◆ **Prompt**
Give every entry again, unchanged, and leave its images out.

◆ **Excerpted records**
%%
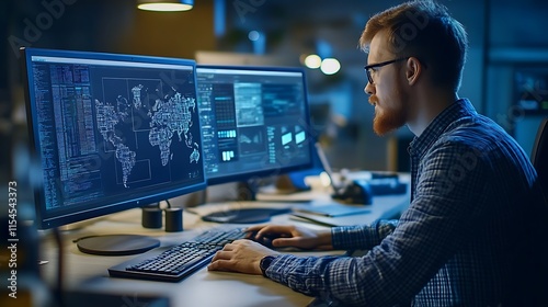 Young Professional Engaged in IT Work and Online Trading on a Computer in a Modern Workspace
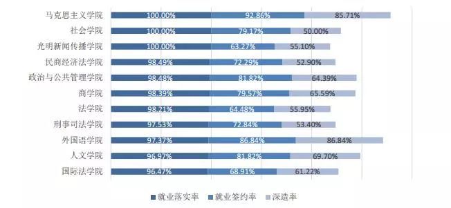 數據顯示,本科畢業生中,馬克思主義學院、社會學院和光明新聞傳播學院3個學院的就業落實率最高,為100.00%,民商經濟法學院、政治與公共管理學院、商學院和法學院高于學校平均水平。
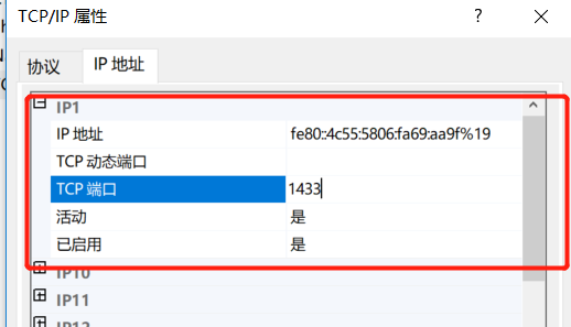 將IP1的TCP端口設(shè)置為1433,并啟用,如圖
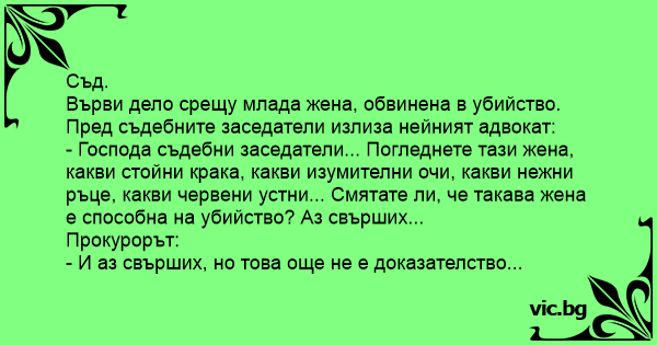 - Господа съдебни заседатели... Погледнете тази жена, какви стойни крака, какви изумителни очи, какви нежни ръце, какви червени устни... Смятате ли, че такава жена е способна на убийство? Аз свърших...
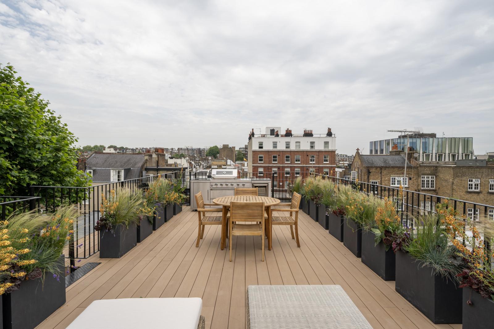 The home's standout feature is its expansive roof terrace with an outdoor kitchen, wooden decking, and black cast-iron fencing?a private oasis for al fresco entertaining and relaxation.
%%
◆ **Solution to the problem**
 Young Professional Engaged in IT Work and Online Trading on a Computer in a Modern Workspace
 數據顯示,本科畢業生中,馬克思主義學院、社會學院和光明新聞傳播學院3個學院的就業落實率最高,為100.00%,民商經濟法學院、政治與公共管理學院、商學院和法學院高于學校平均水平。
 將IP1的TCP端口設(shè)置為1433,并啟用,如圖
 - Господа съдебни заседатели... Погледнете тази жена, какви стойни крака, какви изумителни очи, какви нежни ръце, какви червени устни... Смятате ли, че такава жена е способна на убийство? Аз свърших...
 The home's standout feature is its expansive roof terrace with an outdoor kitchen, wooden decking, and black cast-iron fencing?a private oasis for al fresco entertaining and relaxation.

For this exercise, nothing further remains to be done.